1. Your Credit History and Rating:
First up is your credit history and rating, as this is one of the first things a lender will look at before deciding to offer you a mortgage. A bank or lender will assess your credit history, so if you have late bill payments, or bad debts on your file, securing finance approval could prove difficult.
It’s worth ordering a copy of your credit history to check it’s health and make sure you sort out any bad debts.
2. How Much Can You Afford to Borrow?
Next you’ll need to consider how much you can afford to borrow. By getting an idea of your borrowing capacity, you’ll have a much better idea of the type of property and location you can afford.

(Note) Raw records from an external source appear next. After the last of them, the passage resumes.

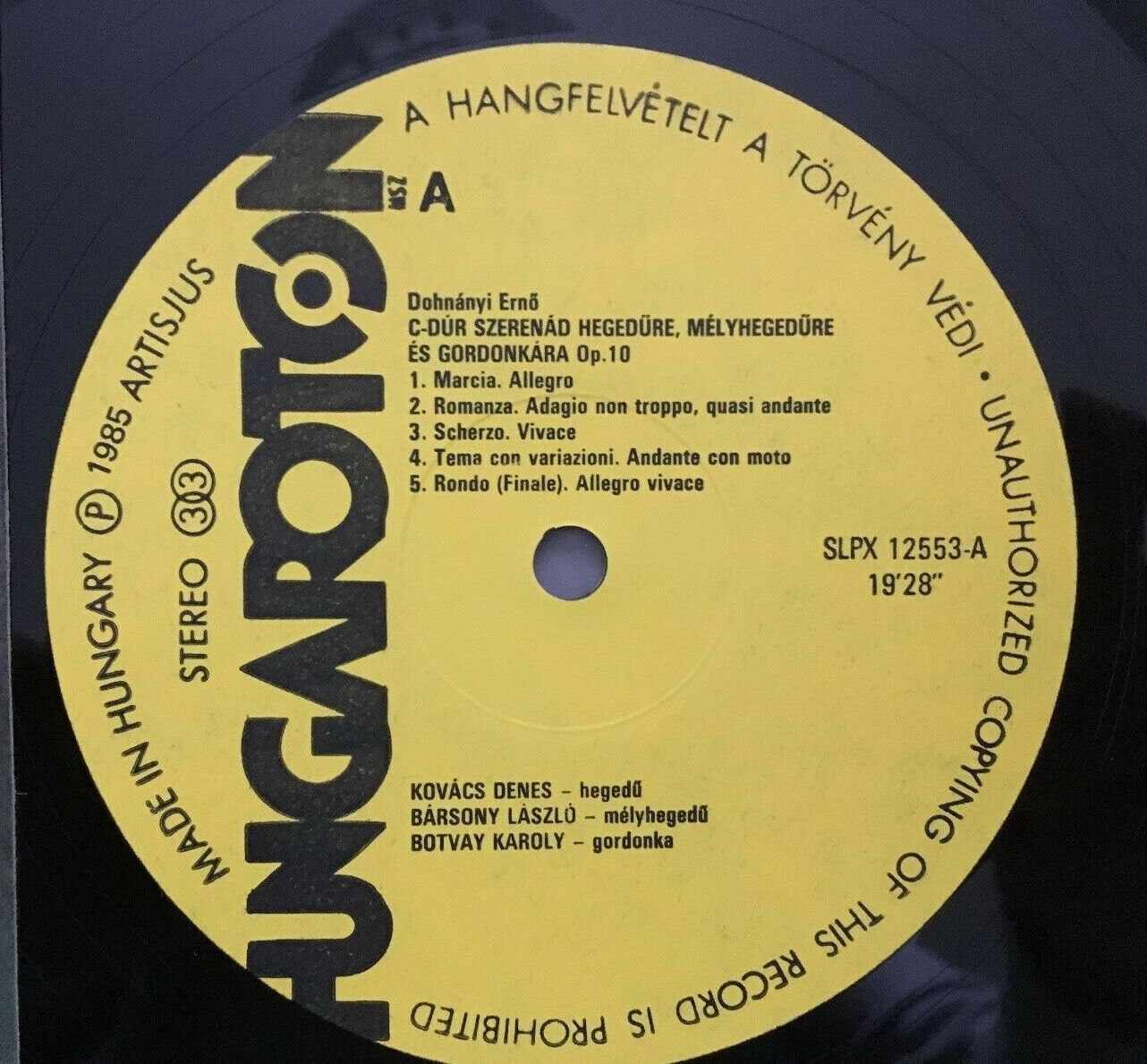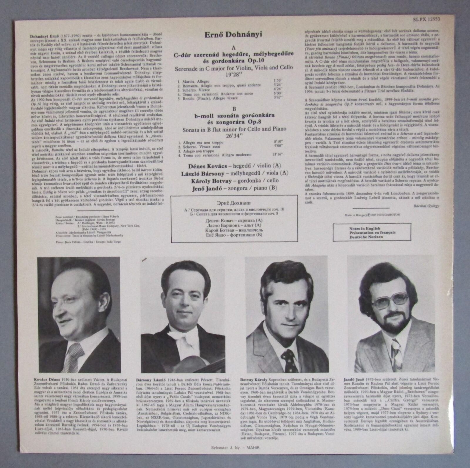 P237 Dohnanyi Serenade Op.10 Sonata Op.8 Kovacs Botvay Hungaroton SLPX 12553 St
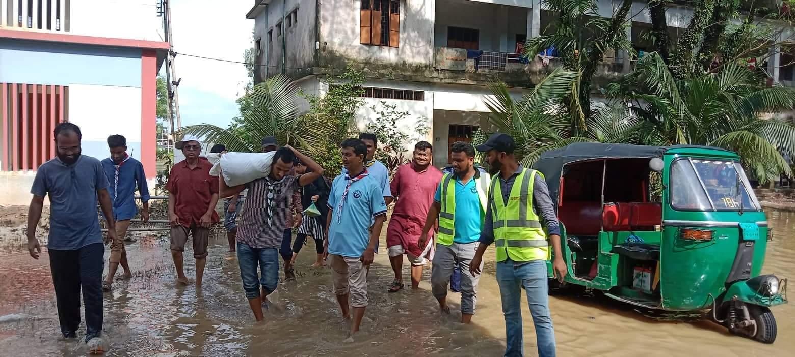 We started this work with the encouragement and inspiration of District Rover Scout Editor Md.Mobosshir Ali sir and the consent of College Principal Sir to help the helpless and hungry people in flood situation.
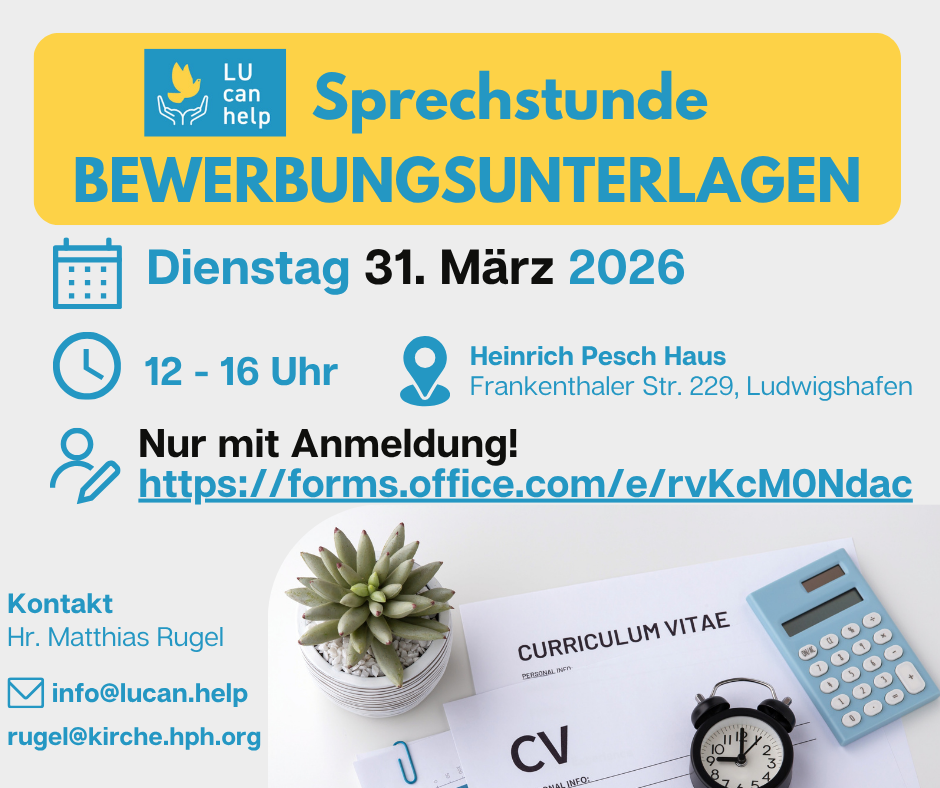 Ab dem 28. Oktober 2025 findet zweimal im Monat die kostenlose Lu can help Sprechstunde: Bewerbungsunterlagen statt. In einem persönlichen Gespräch (ca. 1 Stunde) werden deine Bewerbungsunterlagen – Lebenslauf, Anschreiben, Zeugnisse usw. – gemeinsam überarbeitet und korrigiert. Auch Fragen rund um den Bewerbungsprozess werden besprochen, und du erhältst hilfreiche Tipps. Das Angebot richtet sich an
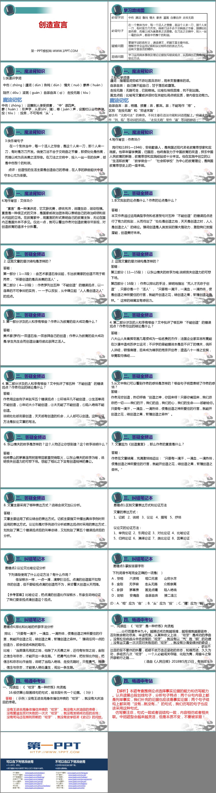 《创造宣言》PPT课件包含魔法背知识、答疑全频道、答疑全频道、畅通中考站等内容。
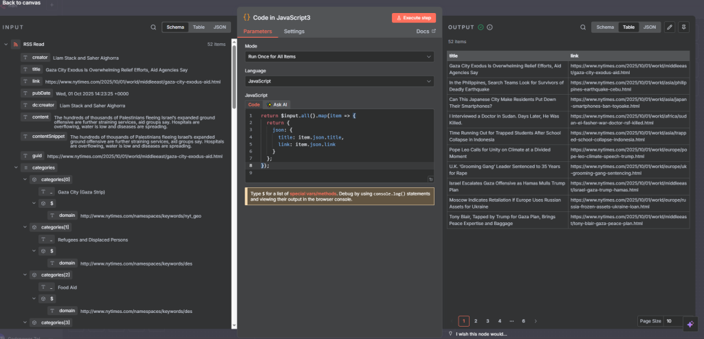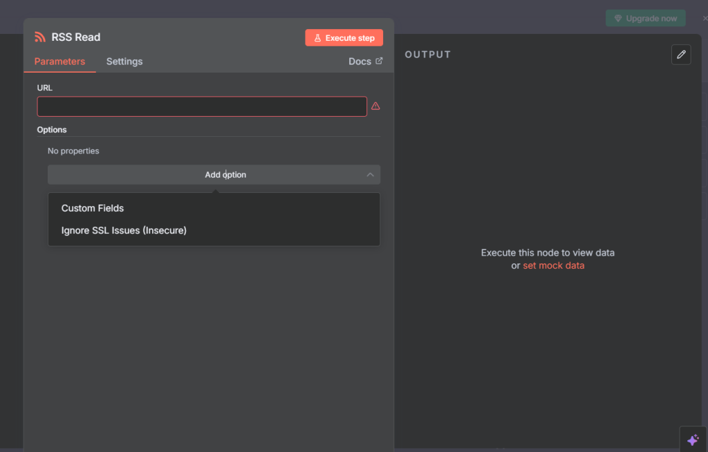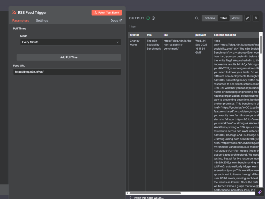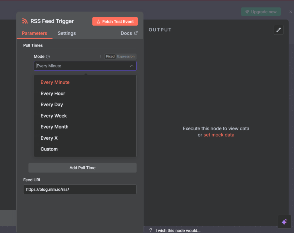 pubDatemay cause duplicates/missed items.Read nodes: fetch all items every time. For recurring checks, you must dedupe manually (e.g., store GUIDs/links in a database).
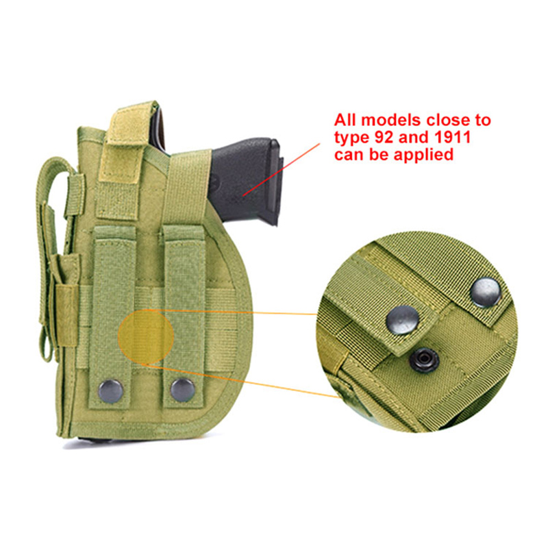 پریمیم میٹریل پائیدار ، نرم اور سانس لینے کے قابل نیپرین اندرونی مواد جو آپ کے ہینڈگن کے انتخاب کو چھپانے کا یقین رکھتا ہے۔ مضبوط بکسوا کا پٹا مضبوطی سے لاک ہوجائے گا اور آپ کے ہتھیار کو اچھالنے سے روک دے گا! مضبوط نایلان کے ذریعہ تعمیر کردہ ہولسٹرز نہ صرف ڈیزائن میں خوبصورت ہیں ، بلکہ استعمال میں پائیدار بھی ہیں۔
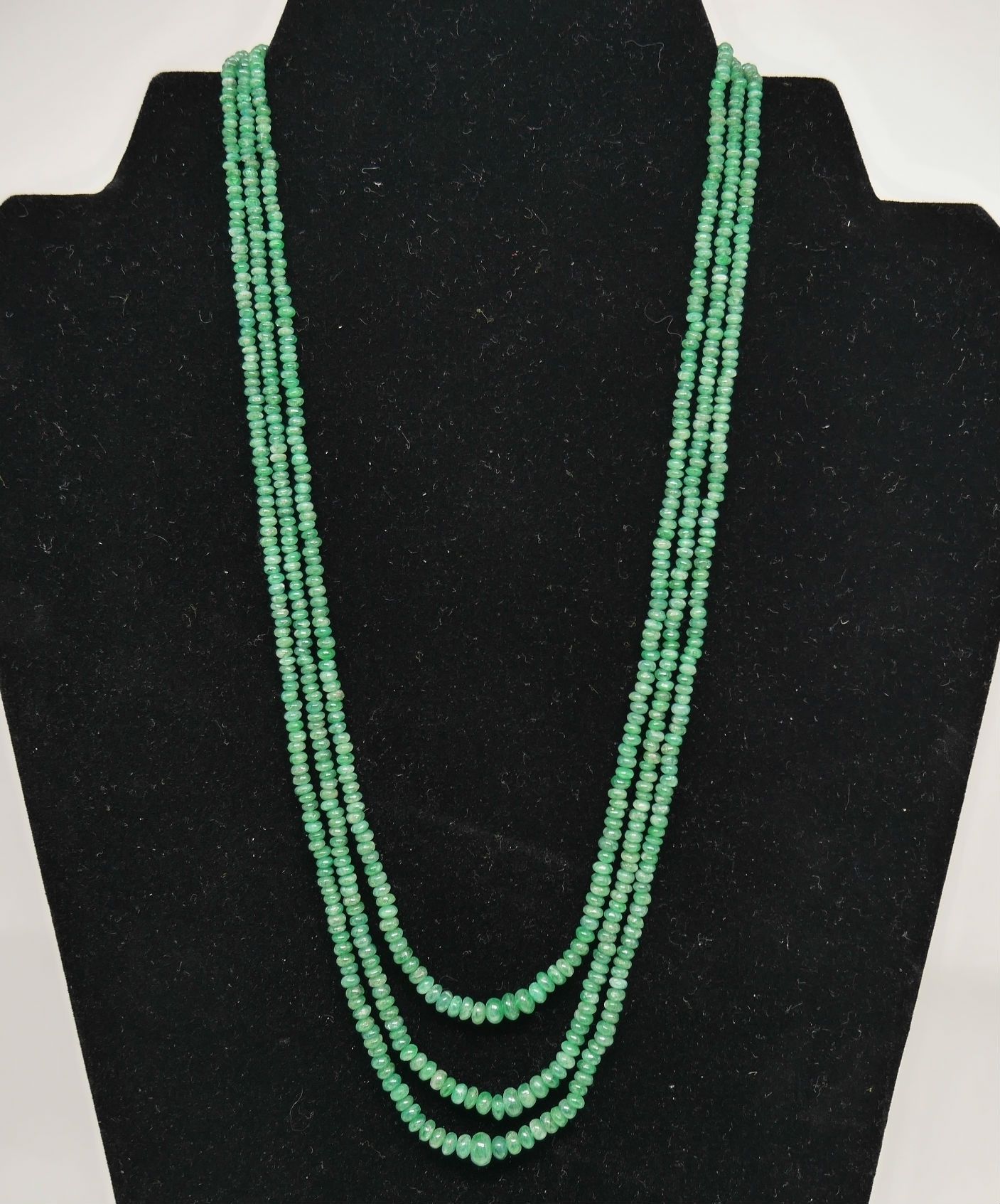 Collar 3 vueltas de Esmeraldas en disminución con cierre de Oro de ley 18 K. y Esmeralda
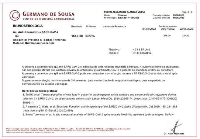 Poucas semanas depois, sucedeu algo que me “beneficiou”: tive confirmadamente covid-19, com dores de garanta, um pouco de mal-estar geral. Tive muitas gripes muito piores. Passou em dois dias. Que fiz: novo teste serológico para saber – tinha de fazer isso para ser Ciência – como evoluíram os anticorpos IgG. Pois bem, subiram para 846 BAU/ml. Terá sido, enfim, o equivalente a um “booster” natural, certo?
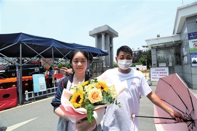 穿着旗袍、手捧一束向日葵的卢女士,想在孩子出考场时第一时间送上写有“高考顺利、加油”寄语的鲜花。她说,“希望孩子一举夺魁,也希望孩子放松心情,迎接之后的考试。”
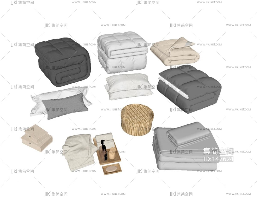 现代床上用品,,家纺SU模型 su草图模型下载 [模型ID:147624]
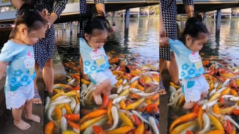 แม่สอนลูก เอาตีนจุ่มในบ่อปลา แบบนี้ก็ได้หรอ?
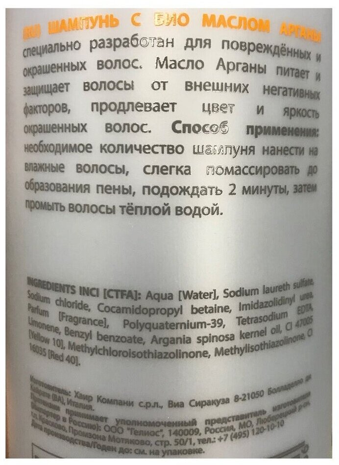 Специальный шампунь линии bio argan. Разработан для борьбы с ломкостью и обезвоживанием повреждённых и окрашенных волос. В составе формулы масла Арганы.
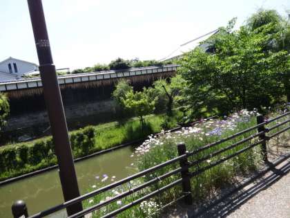 十石舟や三十石舟が通る川を横に進んで子楽園で一回目の休憩です。
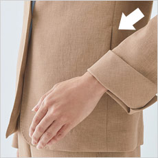 - 大容量ポケット、背裏なし、袖裏なし、スカーフループ、Wネームループ付き胸ポケット、消臭テープ(脇下)、肩パットなし、袖口折返し可能、ハンドメイド風AMFステッチ
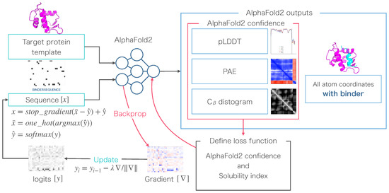 Our approach to solubility-aware protein-binding peptide design was performed using AfDesign binder hallucination. AfDesign is a public module created by Dr. Sergey Ovchinnikov [36], and it is a tool for designing protein-binding peptides based on Dr. Sergey’s previous work with trRosetta [33,50]. AlphaFold is used as the structure prediction oracle, the optimization target is the binding sequence, and the loss function is defined as a flexible function of AlphaFold confidences. It returns pLDDT, PAE, and distogram, among which pLDDT measures the quality of the local model for each residue, and PAE indicates the confidence level of each amino acid residue pair, and distogram indicates the distance prediction probability of the of an amino acid residue pair. The objective of this study was to investigate whether a new loss function with a solubility measure could be added to the original AfDesign loss function to optimize the solubility of the sequence that is designed. Binding affinity was measured using AutoDock CrankPep, which was highly rated in a benchmarking evaluation of protein-peptide docking tools [51]. and further validated by measuring logS by QikProp as a measure of solubility. A schematic diagram of the entire process is shown in Figure 1.
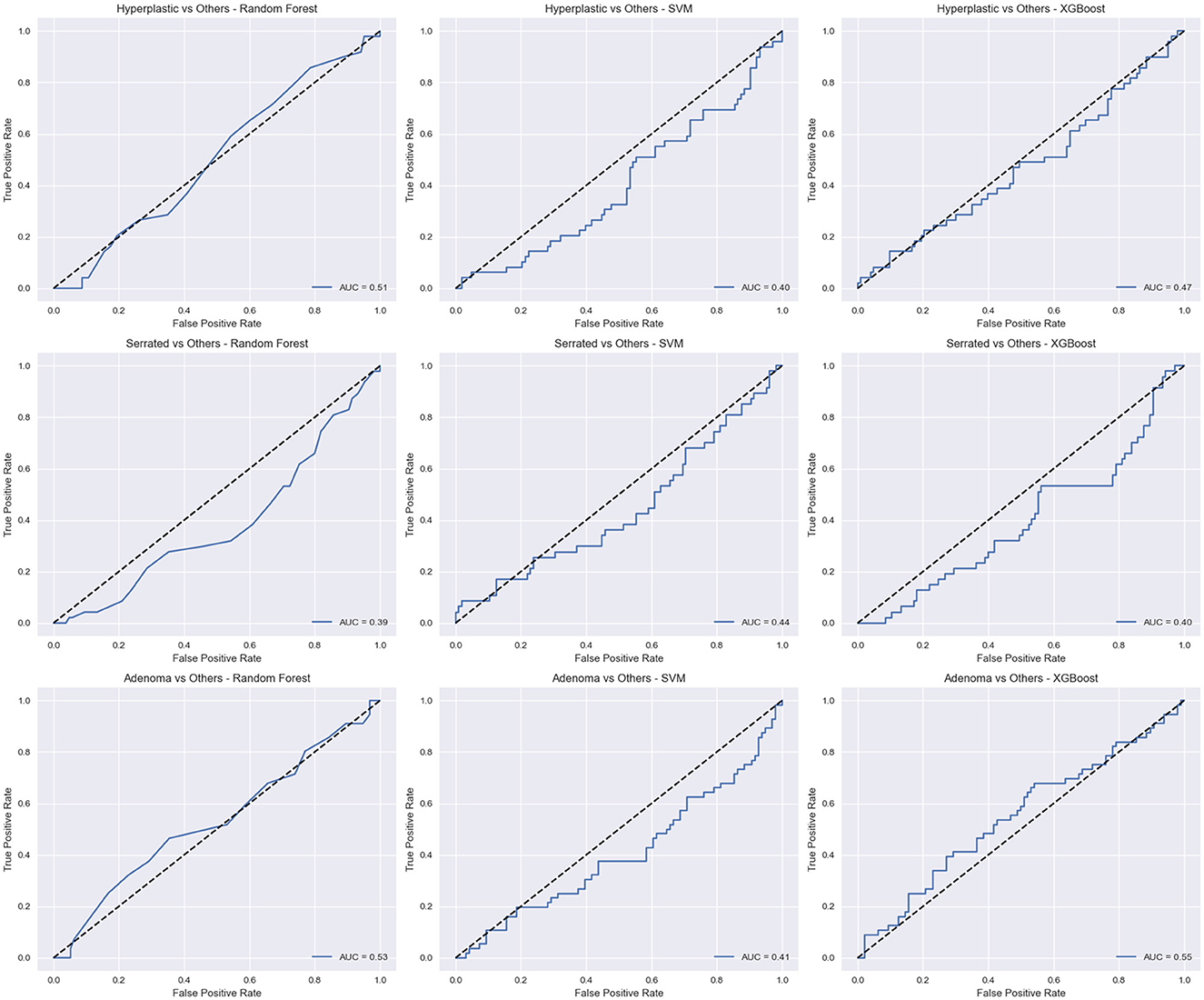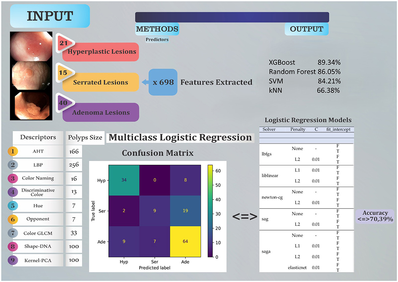 This research used a benchmark dataset of colorectal polyps comprising 152 instances, corresponding to 76 polyps annotated with three lesion types: hyperplastic, serrated, and adenoma. A total of 698 individually made features were extracted from image-level data, including morphological, textural, and intensity-based descriptors. These features served as input for a series of ML classifiers, rather than applying models directly to raw images. Both multiclass and binary methods were used to address the classification task. In addition to Multiclass Logistic Regression (mLR), four state-of-the-art algorithms were implemented and evaluated: Random Forest, k-Nearest Neighbors (kNN), Support Vector Machine (SVM), and eXtreme Gradient Boosting (XGBoost). The comparative analysis focused on macro-average F1-score, lesion-specific metrics as benchmarks.

It’s worth putting together a budget to work out what sort of repayments you can afford. Put down all of your expenses and then subtract them from your income to see what sort of health your finances are in. If you’re currently renting work out how how much extra you can afford to put towards a mortgage to get a foothold in the property market.
Most banks and lenders how mortgage calculators on their websites that will give you a general idea of the repayments when borrowing a certain amount, which will give you an estimate of your monthly expenditure.
Keep in mind though that interest rates will change, and probably in an upward direction since they’re still at such historic lows.
3. How Much Do You Need to Save for a Deposit:
And finally, the biggest consideration, the deposit. This is one of the biggest hurdle when it comes to buying a house.
Most lenders recommend a deposit of at least 20% of the purchase price, which for most home buyers is almost impossibly unaffordable.
There are lenders are there who will accept as little as a 5% deposit, but in most cases you’ll require a minimum 10% deposit in order to receive finance approval.
Unfortunately, when borrowing more an amount of more than 80% of the purchase price, you’ll need to factor in the additional cost of Lender’s Mortgage Insurance (“LMI”).
It also goes without saying that the more you borrow, the more you’ll have to pay in interest, which in the long run can cost you considerably more.
Getting your finances sorted and doing your research is the first step when it comes to buying a property as a first home buyer. It’s worth approaching a lender before entering into a Contract of Sale as you could get a loan pre-approved, which will make the whole buying process a lot easier.